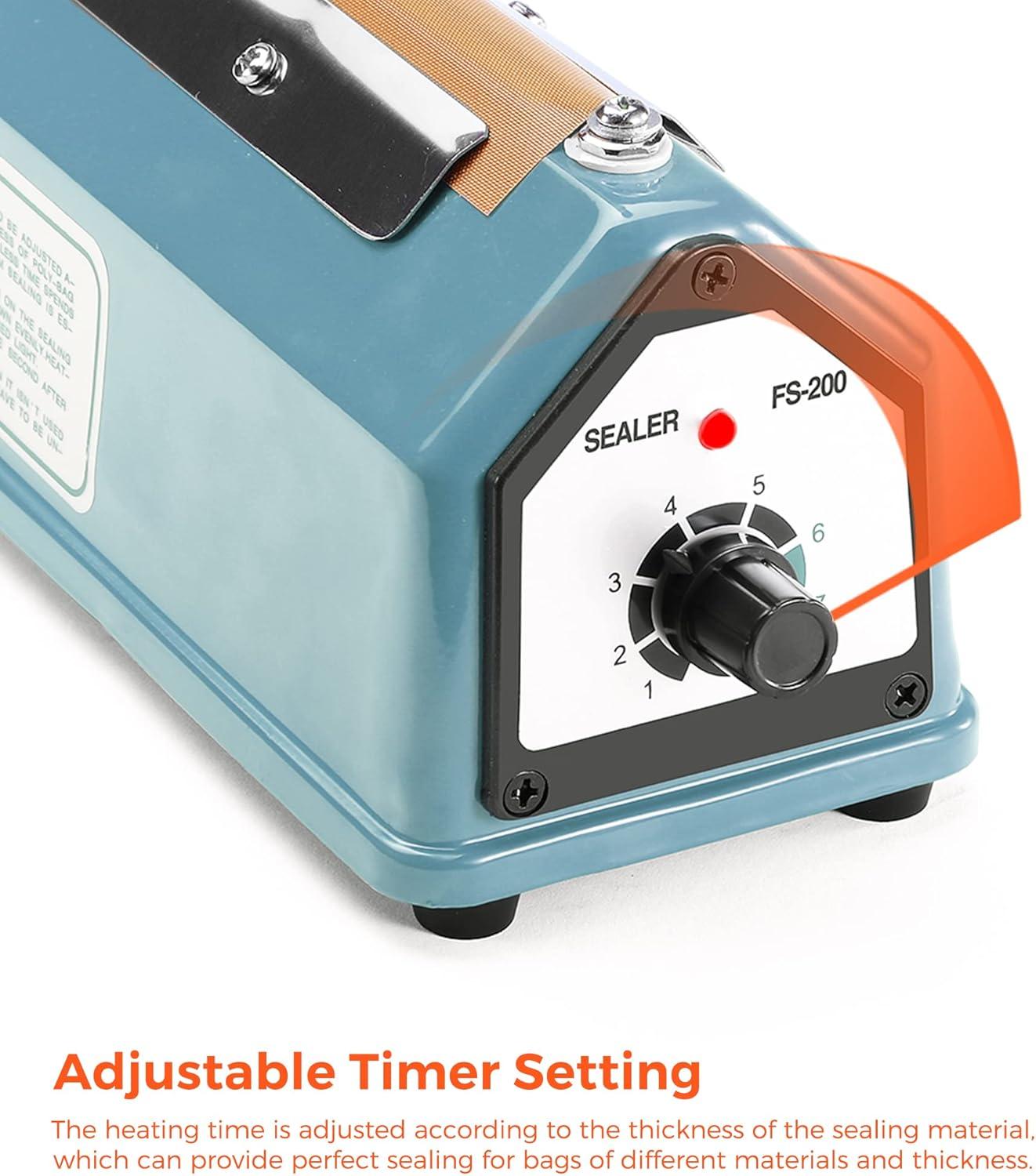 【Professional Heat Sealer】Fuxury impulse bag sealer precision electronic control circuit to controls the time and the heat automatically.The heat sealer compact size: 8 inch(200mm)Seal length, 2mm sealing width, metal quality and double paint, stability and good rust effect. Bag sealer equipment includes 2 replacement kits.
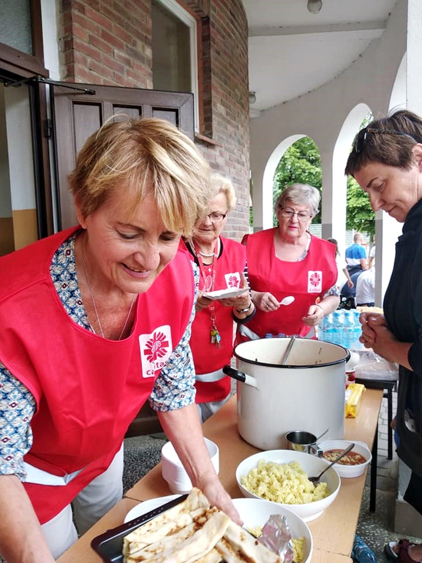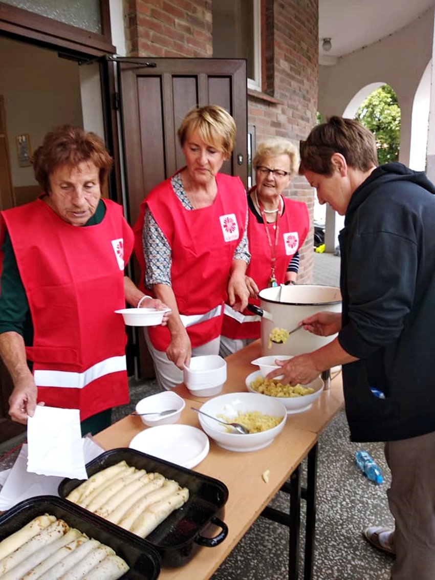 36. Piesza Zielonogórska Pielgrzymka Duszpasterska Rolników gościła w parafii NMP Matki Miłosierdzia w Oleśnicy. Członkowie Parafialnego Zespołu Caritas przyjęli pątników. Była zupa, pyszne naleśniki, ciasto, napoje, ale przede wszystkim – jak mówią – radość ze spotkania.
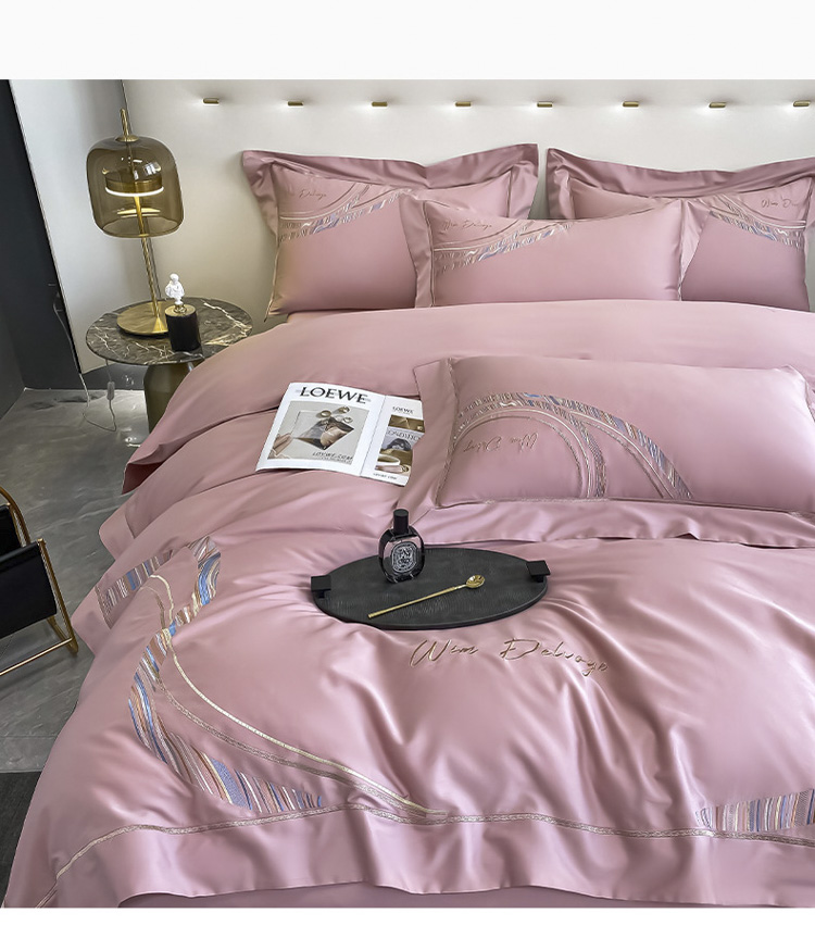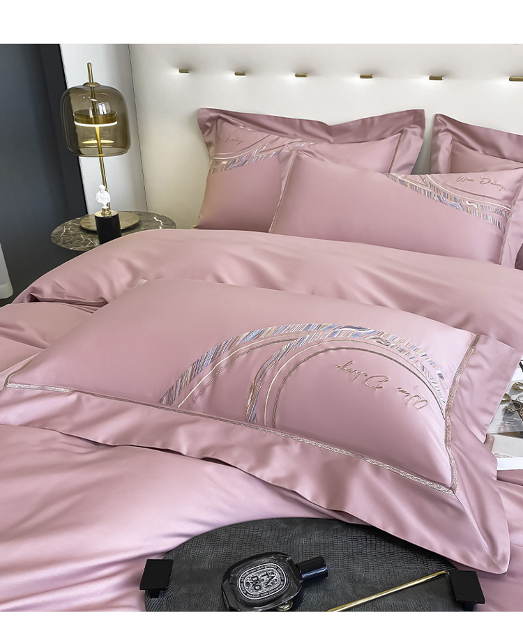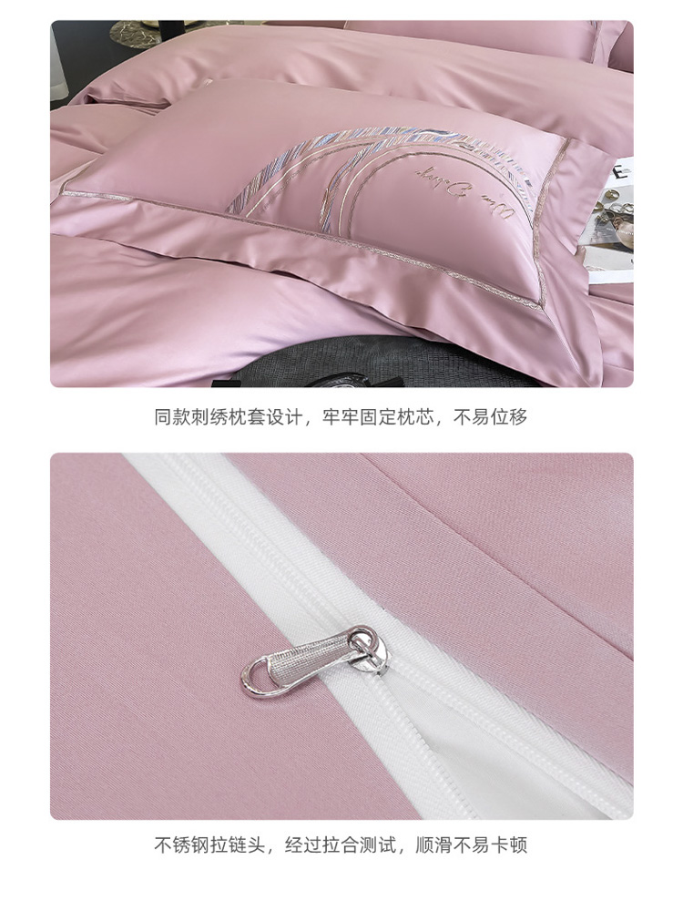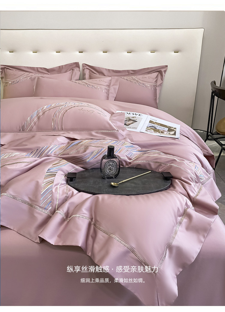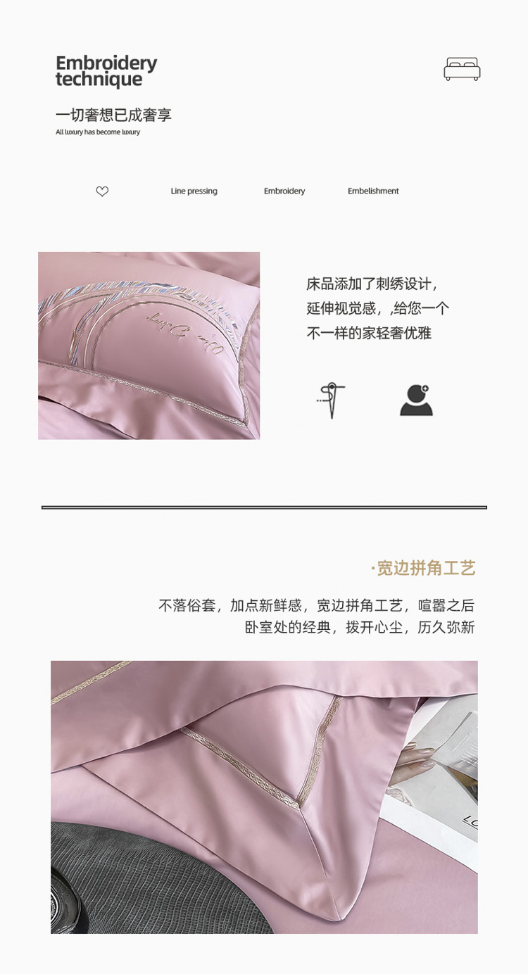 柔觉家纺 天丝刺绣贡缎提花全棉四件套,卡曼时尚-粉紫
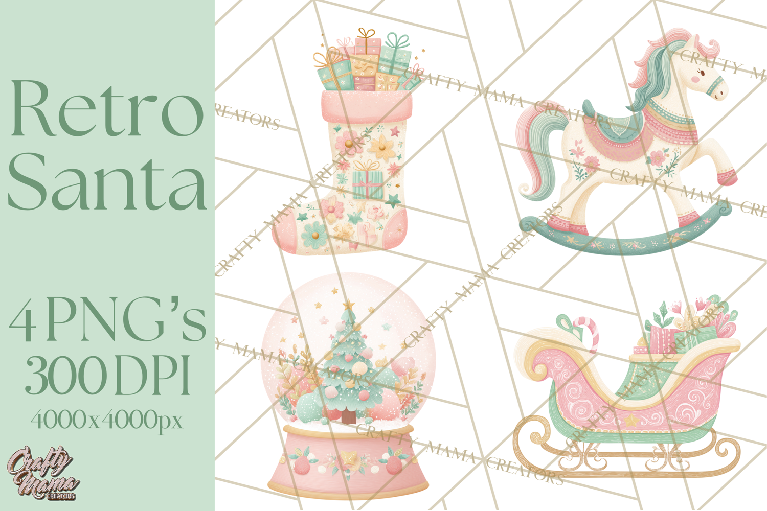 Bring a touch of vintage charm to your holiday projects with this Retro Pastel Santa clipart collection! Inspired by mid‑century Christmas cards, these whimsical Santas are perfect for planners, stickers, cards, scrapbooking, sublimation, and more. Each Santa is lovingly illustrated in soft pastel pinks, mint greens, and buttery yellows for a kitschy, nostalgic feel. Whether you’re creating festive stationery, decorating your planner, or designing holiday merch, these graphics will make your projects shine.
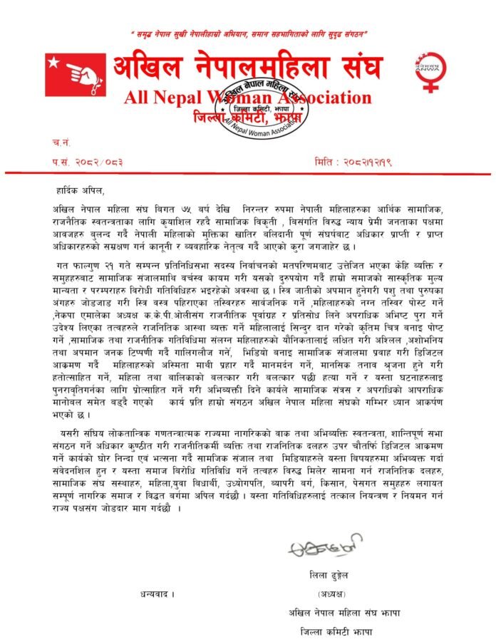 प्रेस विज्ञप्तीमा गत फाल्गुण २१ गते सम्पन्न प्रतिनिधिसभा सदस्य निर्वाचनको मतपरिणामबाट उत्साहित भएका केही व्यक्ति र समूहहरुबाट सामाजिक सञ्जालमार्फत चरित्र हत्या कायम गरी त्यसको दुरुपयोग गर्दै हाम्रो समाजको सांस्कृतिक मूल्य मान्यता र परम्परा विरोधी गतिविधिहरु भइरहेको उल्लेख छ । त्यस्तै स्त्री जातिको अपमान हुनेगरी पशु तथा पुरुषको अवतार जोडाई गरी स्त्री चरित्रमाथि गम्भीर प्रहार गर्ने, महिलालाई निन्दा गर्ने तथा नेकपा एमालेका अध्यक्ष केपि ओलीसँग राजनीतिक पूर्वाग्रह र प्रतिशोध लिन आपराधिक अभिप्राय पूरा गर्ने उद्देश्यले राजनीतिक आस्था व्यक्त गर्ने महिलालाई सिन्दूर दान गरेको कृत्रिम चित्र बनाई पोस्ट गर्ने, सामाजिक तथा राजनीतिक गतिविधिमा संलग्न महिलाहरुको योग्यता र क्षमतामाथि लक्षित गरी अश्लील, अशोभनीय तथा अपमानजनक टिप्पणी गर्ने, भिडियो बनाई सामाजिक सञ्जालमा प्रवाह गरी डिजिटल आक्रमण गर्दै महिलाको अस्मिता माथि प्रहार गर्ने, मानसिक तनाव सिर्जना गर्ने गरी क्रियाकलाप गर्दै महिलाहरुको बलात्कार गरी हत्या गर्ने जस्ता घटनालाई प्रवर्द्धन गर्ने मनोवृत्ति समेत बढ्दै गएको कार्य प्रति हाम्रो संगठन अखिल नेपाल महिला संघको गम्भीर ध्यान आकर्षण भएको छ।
------------------------------------------------------------------------
* _WHAT TO DO_: Only the lines from the top of the material through the line containing "柔觉家纺 天丝刺绣贡缎提花全棉四件套,卡曼时尚-粉紫" should be written out, exactly and without pictures.

* _ANSWER AREA_:
 【Professional Heat Sealer】Fuxury impulse bag sealer precision electronic control circuit to controls the time and the heat automatically.The heat sealer compact size: 8 inch(200mm)Seal length, 2mm sealing width, metal quality and double paint, stability and good rust effect. Bag sealer equipment includes 2 replacement kits.
 36. Piesza Zielonogórska Pielgrzymka Duszpasterska Rolników gościła w parafii NMP Matki Miłosierdzia w Oleśnicy. Członkowie Parafialnego Zespołu Caritas przyjęli pątników. Była zupa, pyszne naleśniki, ciasto, napoje, ale przede wszystkim – jak mówią – radość ze spotkania.
 柔觉家纺 天丝刺绣贡缎提花全棉四件套,卡曼时尚-粉紫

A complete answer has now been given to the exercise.